Marijuana now a low priority in SF
by Heather Cassell
San Francisco joined other cities such as Oakland, Santa Monica, Santa Cruz, and Seattle that have passed similar legislation to make marijuana arrests a low priority in a quite move on December 1, World AIDS Day.
The bill was overwhelmingly supported by the Board of Supervisors by an 8-3 vote on November 21 and passed a second vote 7-3 on November 28 before being sent to Mayor Gavin Newsom.
"I feel really good about it. It's a policy that's endorsed by a majority of San Franciscans, reflecting what they feel about the issue," said Supervisor Tom Ammiano, who authored the legislation.
According to Newsom's spokesman, Joe Arellano, Newsom was unable to review the legislation within the 10-day review period due to the fact that the bill arrived on his desk as he was leaving for his trip to the Philippines earlier this month. Acting mayor Supervisor Sean Elsbernd received the legislation and returned it unsigned. As a result, the bill became law automatically.
"I'm very glad it happened," said Dennis Peron, author of the Compassionate Care Act of 1996, better known as Proposition 215.
However, Peron wasn't pleased that part of the San Francisco legislation urges taxation of marijuana, "Everyone is addicted to marijuana money," he said, adding that other medications aren't taxed in California and marijuana is medicine. "I'm against taxing medicine."
The new ordinance does prohibit marijuana in connection with criminal offenses (including driving while under the influence); any minors' involvement with the herb; and distribution or sales of cannabis on public property or within view of someone on public property, unless a person is in their own home or in a private building.

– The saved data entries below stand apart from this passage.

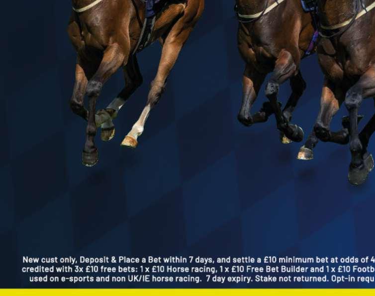 Division of Races section of the Race Administration Code for the purposes of this race. PLEASE NOTE: In accordance with the provisions of paragraph 9 of the Weights and Handicapping Code a horse must have run three times or more in order to qualify to run in this race. 15 entries at £750. - Closed April 12th, 2025. Owners Prize Money Winner £60945; Second £30480; Third £15240; Fourth £7620; Fifth £3810; Sixth £1905. (Penalty Value £77310) SS SEE PAGE 38 FOR THIS RACE Fourth Race 3.00 - THE BETMGM ALL-WEATHER CHAMPIONSHIPS MILE HANDICAP STAKES (CLASS 2) Distributed in accordance with the Stakes and Prize Money Code. £77310 to the winning horse The second to receive £36255, the third £18135, the fourth £9060, the fifth £4530 and the sixth £2265. for four yrs old and upwards, which have run a minimum of three times from 22 October, 2024 to 11 April, 2025 (inclusive) on the all-weather surfaces in Great Britain, Ireland and France; or twice on the all-weather surfaces in Great Britain, Ireland, France and once in Dubai at Meydan (dirt) or in Saudi Arabia at King Abdulaziz Racetrack (dirt). Enter by noon, April 12th and pay £750 stake, Declare by 10.00 a.m. April 16th. Lowest weight 8st 2lb; Highest weight 9st 12lb Penalties, after April 5th, 2025, for each race won 4yo to 6yo 5lb; 7yo and up 4lb NOTE: Any horse rated above 110 shall initially be treated as having that rating and the highest weight allotted shall be 9st 12lb. Subsequently, the excess over 110 in any rating shall be allotted to that horse without limitation to the highest weight to be carried BETMGM have kindly sponsored this race and will present a memento to the winning owner, trainer and jockey. They will also present £100 to the winning member of racing staff who looks after the winning horse. In addition, £100 cash prize will be awarded to the person responsible for the horse judged by them to be best turned out in this race All number cloths to be carried in this race have been sponsored and will carry the name/logo of BETMGM The sponsorship payment of £500 will be distributed equally amongst all horses starting in this race in accordance with paragraphs 24 to 27 of the Stakes and Prize Money Code This race will be restricted to 14 runners plus two reserves The two reserves will be nominated as R15 and R16. The procedure for the allocation and operation of the reserves protocol will be as detailed in the notice headed ‘Reserves’ which has been published in The Racing Calendar and which also appears in the important notices following the Standard Conditions on the Racing Bulletin area of the BHA Racing Administration Internet site www.racingadmin.co.uk. Trainers are reminded of the provisions of paragraph 41 of the Race Entry Code which require that they must notify the Racing Calendar Office immediately when the decision has been made not to run This will maximise the list of runners. For full details, please see www.awchampionships.co.uk/ take-part/championship-rules/. The British Horseracing Authority has modified the Declaration of Jockey section of the Race Entry Code and the Division of Races section of the Race Administration Code for the purposes of this race. PLEASE NOTE: In accordance with the provisions of paragraph 9 of the Weights and Handicapping Code a horse must have run three times or more in order to qualify to run in this race. 17 entries at £750 - Closed April 12th, 2025. Owners Prize Money. Winner £60945; Second £30480; Third £15240; Fourth £7620; Fifth £3810; Sixth £1905. (Penalty Value £77310) 5 Eliminated Under Rules (I)9 and (I)10. SS SEE PAGE 44 FOR THIS RACE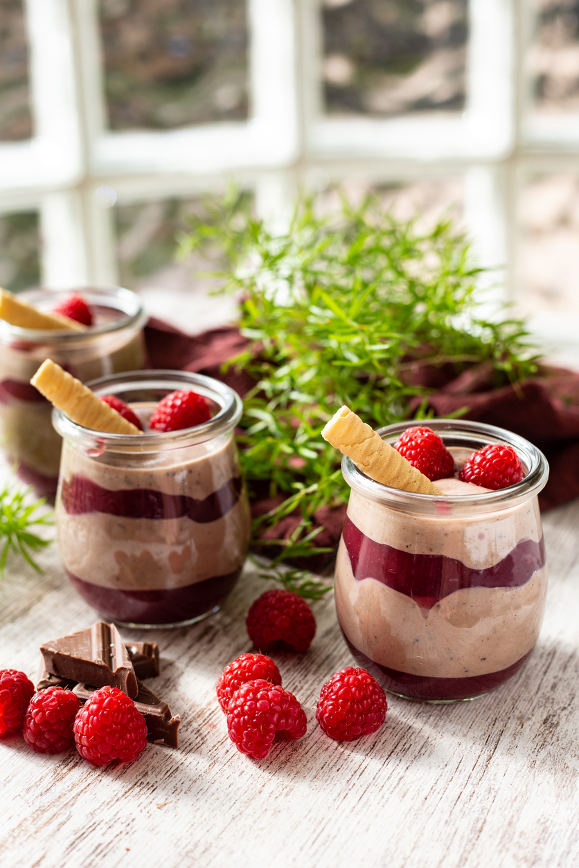 Čokoladnu smjesu raspodijeliti u 6 čaša. Po vrhu ravnomjerno rasporediti razrijeđeni džem. Ohladiti nepokriveno u hladnjaku oko 45 minuta, dok se mousse ne stegne. (Može se čuvati pokriven u hladnjaku do 3 dana.)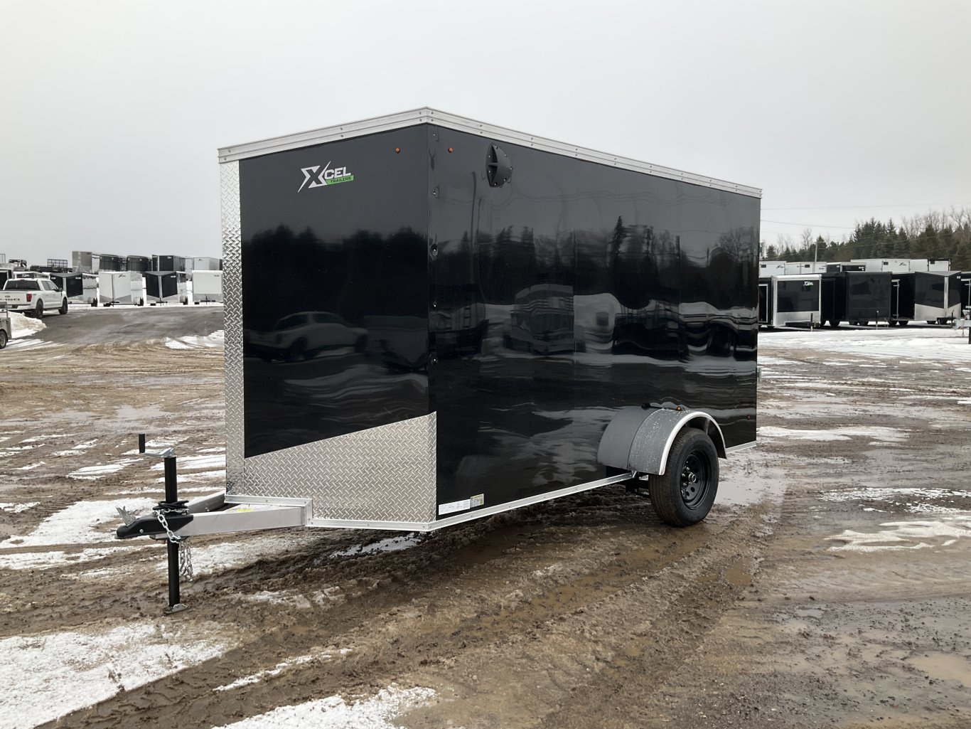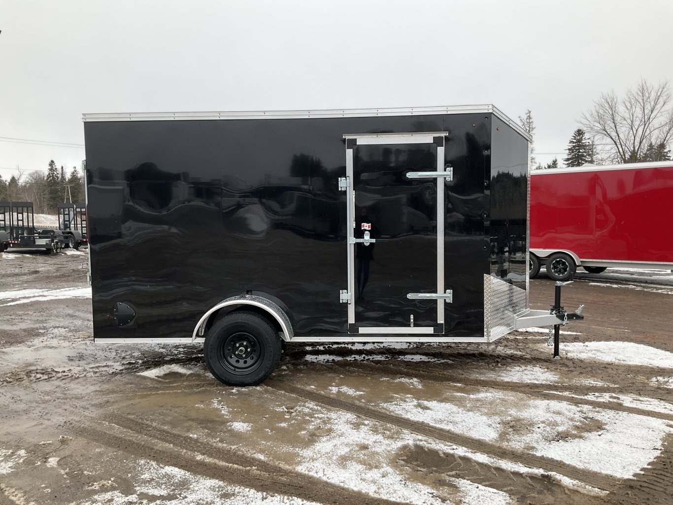 2990LB GVWR, 3500LB Spring Drop Axle with EZ Lube Hubs, 15" Radial Tires, 6'6" Tall, 2' Sloped V-Nose, .030 Black Screwless Exterior, 32" Side Man Door, Rear Ramp Door with Spring Assist, 3/8" Wood Lined Walls, 3/4" Rainblock Wood Floor, Seamless Aluminum Roof, 16" On Centre Walls/Floor/Roof, 2 Wall Vents, 12V Dome Light and Switch, ATP Stone Guard, 2" Ball Coupler, A-Frame Tongue Jack with Sand Pad, Sealed LED Lighting |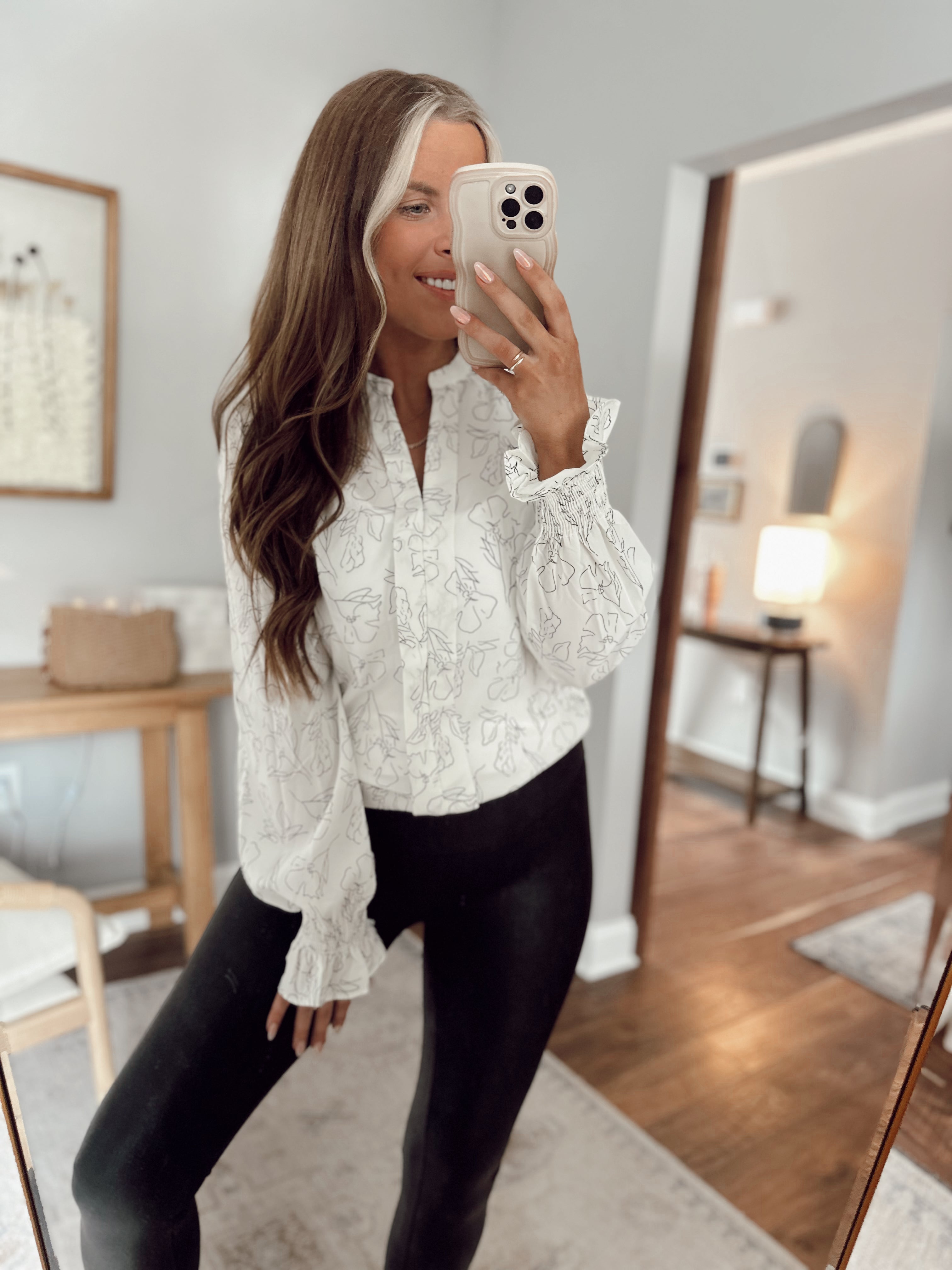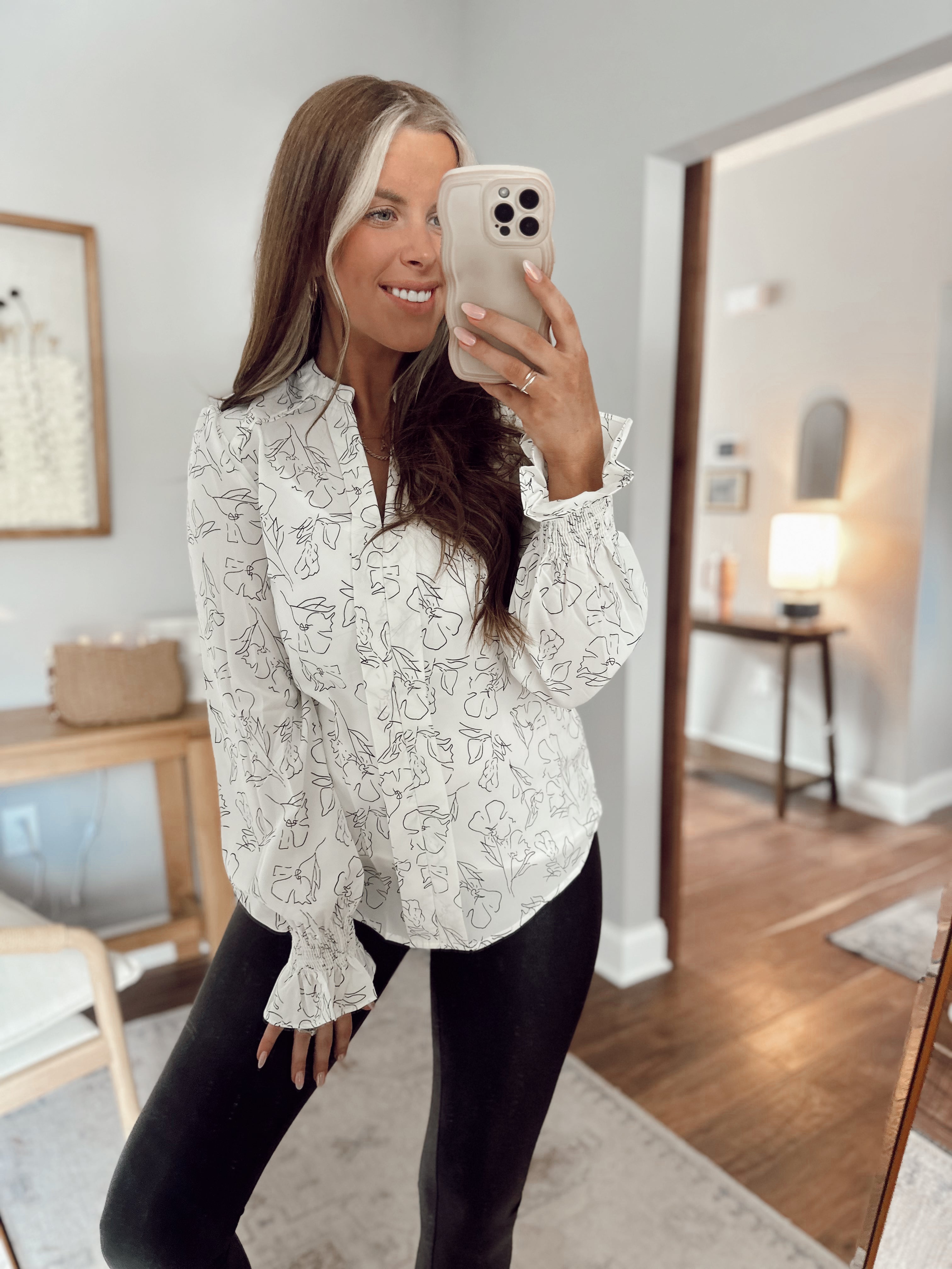 Blooming Shadows White Floral Top

San Francisco also will no longer accept federal funding that focuses on criminalizing cannabis. The new law also urges the district attorney not to aggressively prosecute cases involving marijuana charges and San Francisco police are barred from becoming deputized by federal law enforcement to target adults using marijuana. The new ordinance also supports taxing and regulating the sale of marijuana for people over the age of 18, although that part of the law is not legally binding.
"The mayor continues to support the use of medical marijuana for people suffering from cancer, HIV and AIDS, and other illnesses," said Arellano, who added that Newsom "wholeheartedly" supports the San Francisco Police Department with its drug investigations and enforcement policies.
To enforce the new ordinance the Board of Supervisors will appoint a citizen advisory committee to oversee that the new law is enacted, report on any police and legal matters related to marijuana charges, and advise and recommend policy changes to the board.